Variational inference for scaling and merging in crystallography
Created:
Last modified:
This perspective describes existing algotihms for scaling and merging in crystallography and the recent introduction of variational inference (VI) in this field.

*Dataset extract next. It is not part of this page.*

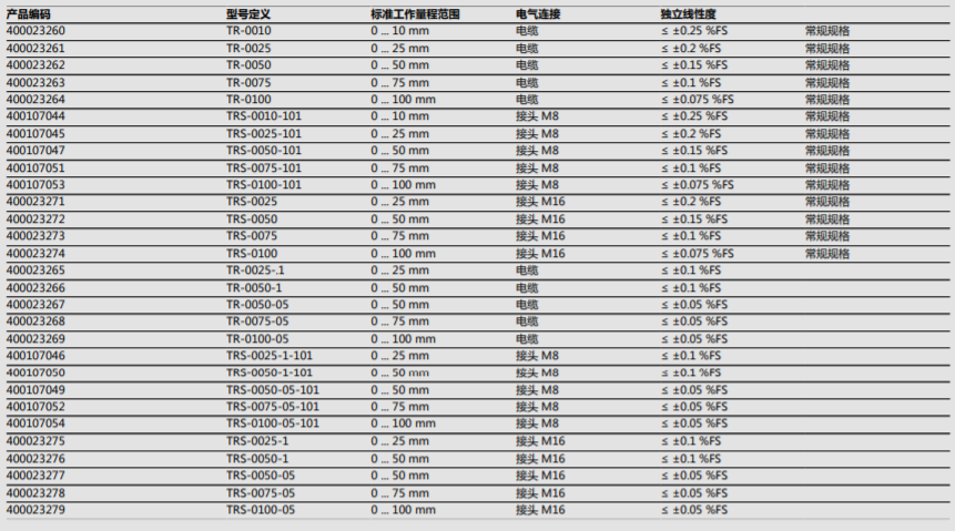 德國Novotechnik諾沃泰克位移傳感器TRS-0100主要特點:Ynt廣州南創(chuàng)電子科技有限公司

Conventional methods estimate the structure factor amplitude \(F= \sqrt{\bar{I}}\) by averaging redundant measurements of the reflection intensity \(I\) weighted by their uncertainty \(\sigma_I\) after performing a scaling that corrects for systematic errors. This approach can be interpreted as the maximum likelihood estimation (MLE), where using normal distribution as the error model, the likelihood of \(N\) measurements
\[p_\theta(I) = \prod^N_i p_\theta(I_i) = \prod^N_i \frac{1}{\sigma_{I_i}\sqrt{2\pi}} \exp\left[-\frac{(I_i - \theta)^2}{2\sigma^2_{I_i}}\right]\]is maximized (see this lecture note on taking derivative to find maximum) when the model parameter \(\theta\) is the weighted average
\[\theta = \bar{I} = \arg\max p_\theta(I) = \frac{\sum_i I_i/\sigma^2_{I_i}}{\sum_i 1/\sigma^2_{I_i}}.\]Variational inference (VI), in contrast, jointly performs scaling and merging by considering \(F\) as a latent variable that generates the observed \(I\). For simplicity, let’s ignore the scaling aspect of the problem for now. With the introduction of latent variables, the likelihood term generally becomes intractable (For a tractable case, see this post):
\(p_\theta(I) = \int p_\theta(I,F)dF = \int p_\theta(I|F)p(F)dF = \mathop{\mathbb{E}}_{p(F)}[p_\theta(I|F)].\) (Note that now \(\theta\) refers to parameters in general rather than just the underlying structure factors. You can also rewrite the MLE equation as maximizing \(p_\theta(I|\theta)\), which is the likelihood. In maximum a posteriori (MAP), the goal is to maximize the posterior, which is \(p_\theta(\theta|I) \propto p_\theta(I|\theta)p(\theta)\). When you don’t care about the prior \(p(\theta)\), MAP becomes MLE.)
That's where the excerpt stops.